I'm sure the upstage kit is not necessary but I've always wanted to try it and my defogger vents were broken.  I'll try it for a few days with the CDTs turned all the way down and see what I think and then I'll hook up the passives and see what I think.


----------



## veleno (Sep 16, 2006)

Interesting build.

I also had an '88 vert with a 3-way setup up front plus 4-8" subs all running active. It sounded awesome for being an open top car and hit a decent 140db with minimal tuning.

Your sub box is interesting. Do you have a speaker grill/cover so the top doesn't touch the speaker face when the top is down?

I'm also curious how that 2 tweeter setup sounds. I didn't have any height issues with my setup but different strokes I guess.

It was great to see what others have done to their cars, especially when you've gone through the process yourself! Keep us posted on your future progress.


----------



## johnmasters (Mar 30, 2009)

veleno said:


> Interesting build.
> 
> I also had an '88 vert with a 3-way setup up front plus 4-8" subs all running active. It sounded awesome for being an open top car and hit a decent 140db with minimal tuning.
> 
> ...


I actually had a 3-way setup in my last RX7 but it was passive and it was before I discovered DIYMA. 

You'll notice that I have a speaker grill ring attached to the top of the DIYMA which allows enough clearance for the top to sit almost on the ring. The mounting depth of the DIYMA was a big problem for me but I really wanted to try it out, and I'm glad i did. I have actually bought another DIYMA and built another box to house both but I think I have decided that that is overkill. My plan is to either stretch a piece of black speaker cloth over the DIYMA to hide it and/or to modify the spare tire cover a bit so it will fit back on. I DO miss the wind deflector.

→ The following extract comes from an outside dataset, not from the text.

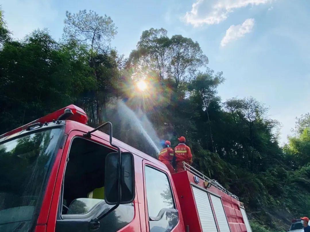 8月24日上午,火勢蔓延至八塘鎮(zhèn)陽龍村彭家埡口,隨時有可能引發(fā)周邊民房起火。值守在此的璧山支隊消防救援人員強忍著火烤、煙熏和高溫,通過消防車水炮結合,在民兵的配合下迅速控制了現(xiàn)場火勢,守衛(wèi)了居民生命財產安全。群眾看到大汗琳琳、被煙火熏黑的消防救援人員面部后,連連稱贊并表示感謝。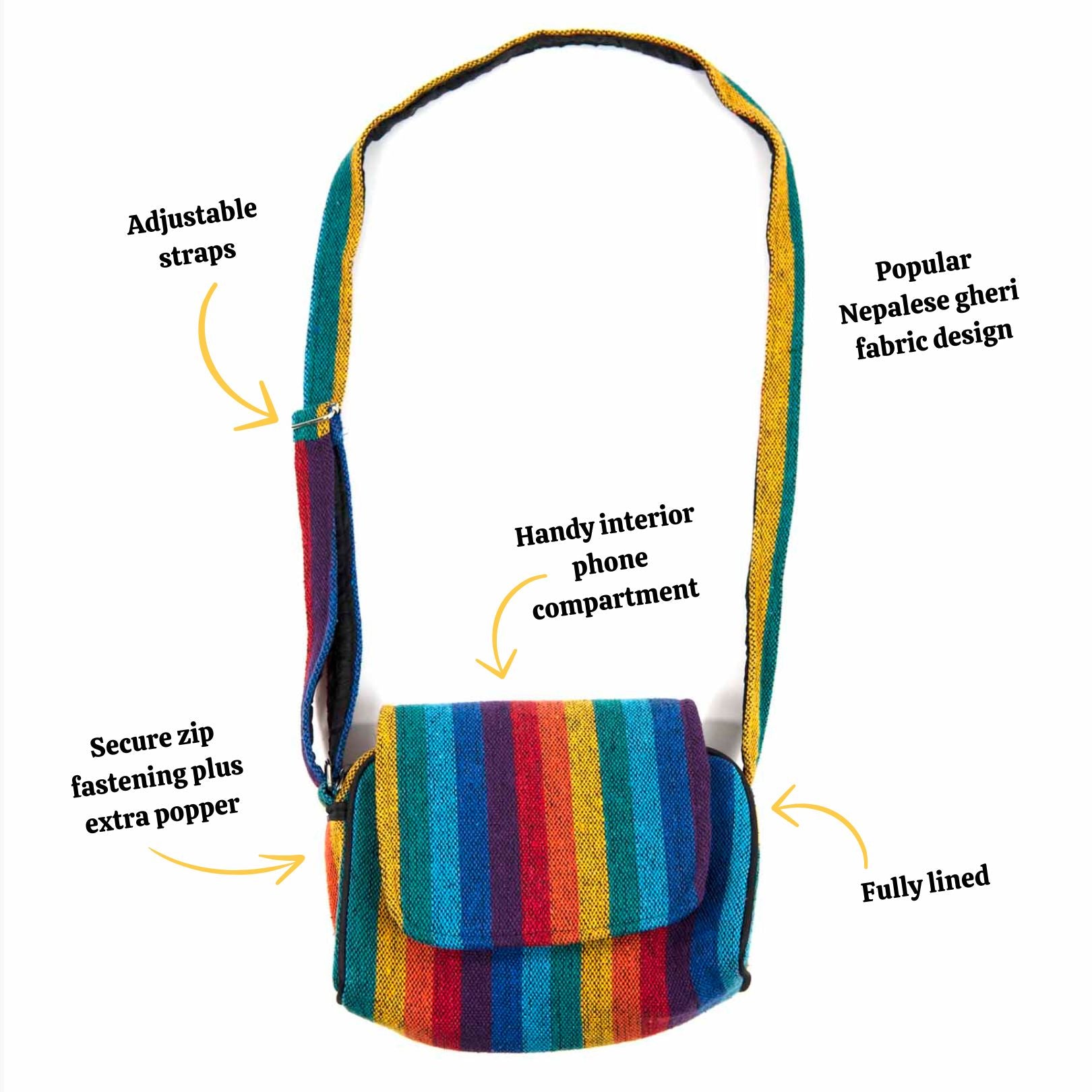 This stylish bag is a compact size for popping out and about. The vibrant rainbow gheri fabric adds a hippie vibe to the satchel-like style. An adjustable shoulder strap allows you to wear it at the desired length, and it has an inner compartment for keeping your phone handy. The main bag itself has both a secure zip fastening and an extra popper.

As I said before I will spend some time without the CDTs to see what I think.

Do you have any pictures or your RX7 build. I have a line on 4 JL 8s and wouldn't mind trying that out as well.


----------



## MachRc (Sep 29, 2009)

pretty sweet little rx-7! Nice lil project!


----------



## veleno (Sep 16, 2006)

Attached are some pictures taken when the system was about finished. Minor cosmetics to take care of but for the most part it was complete and ready to go. Ahh the good old days.


----------



## johnmasters (Mar 30, 2009)

Wow! That spare tire area looks awesome.

So, where did you get the speaker pods?

Do you have a picture of the entire door panel so I can see what you have done and can you explain it a bit... what material was used and so forth?

Also, can you explain a bit about how you went about upholstering the spare tire area?

Is your roll bar made for an RX7 or Miata?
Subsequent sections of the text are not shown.